Sulopenem/probenecid
- Sulopenem etzadroxil
- Probenecid

Combination of
- Sulopenem: Penem antibacterial
- Probenecid: Renal tubular transport inhibitor

Clinical data
- Trade names: Orlynvah
- License data: US DailyMed: Sulopenem and probenecid;
- Routes of administration: By mouth
- ATC code: None;

Legal status
- Legal status: US: ℞-only;

Identifiers
- KEGG: D12976;

= Sulopenem/probenecid =

Combination medication

Sulopenem/probenecid, sold under the brand name Orlynvah, is a fixed-dose combination medication used for the treatment of urinary tract infections.
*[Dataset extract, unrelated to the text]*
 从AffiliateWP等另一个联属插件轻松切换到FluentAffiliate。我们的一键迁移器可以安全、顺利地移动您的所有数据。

It contains sulopenem, a penem antibacterial, as the prodrug sulopenem etzadroxil; and probenecid, a renal tubular transport inhibitor.

The most common side effects include diarrhea, nausea, vaginal yeast infection, headache, and vomiting.
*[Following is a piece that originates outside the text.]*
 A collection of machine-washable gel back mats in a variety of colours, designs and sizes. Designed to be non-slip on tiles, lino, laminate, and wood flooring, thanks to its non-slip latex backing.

The combination was approved for medical use in the United States in October 2024.

== Medical uses ==
Sulopenem/probenecid is indicated for the treatment of uncomplicated urinary tract infections caused by the designated microorganisms Escherichia coli, Klebsiella pneumoniae, or Proteus mirabilis in adult women who have limited or no alternative oral antibacterial treatment options.

== Contraindications ==
Sulopenem/probenecid is contraindicated in people with a history of hypersensitivity reactions to sulopenem etzadroxil or probenecid or other beta-lactam antibacterial drugs; people with known blood dyscrasias; people with known uric acid kidney stones; and people who are also taking ketorolac tromethamine.

== Adverse effects ==
The US Food and Drug Administration (FDA) prescribing information for sulopenem/probenecid includes warnings for hypersensitivity reactions, Clostridioides difficile-associated diarrhea, and potential exacerbation of gout when given to people with a known history of gout.

== History ==
The effectiveness of sulopenem/probenecid was evaluated in two phase III controlled, randomized, double blind clinical trials (trial 1 and trial 2) which enrolled adult women with uncomplicated urinary tract infections. Trial 1 (NCT05584657) was a noninferiority trial in which 2214 adult women with uncomplicated urinary tract infections were randomized and treated. Sulopenem/probenecid demonstrated efficacy in participants with amoxicillin/clavulanate-susceptible pathogens with a composite response rate (combined microbiological response and clinical response) of 62% compared to a composite response rate of 55% in the amoxicillin/clavulanate group. Trial 2 (NCT03354598) was a noninferiority trial in which 1660 adult women with uncomplicated urinary tract infections were randomized and treated. Sulopenem/probenecid demonstrated efficacy in participants with ciprofloxacin-resistant pathogens with a composite response rate of 48% compared to a composite response rate of 33% in the ciprofloxacin group. Overall, in the two trials combined, 1932 participants were treated with sulopenem/probenecid. Clinical trials evaluating sulopenem/probenecid for the treatment of participants with complicated urinary tract infections and complicated intra-abdominal infections did not demonstrate effectiveness.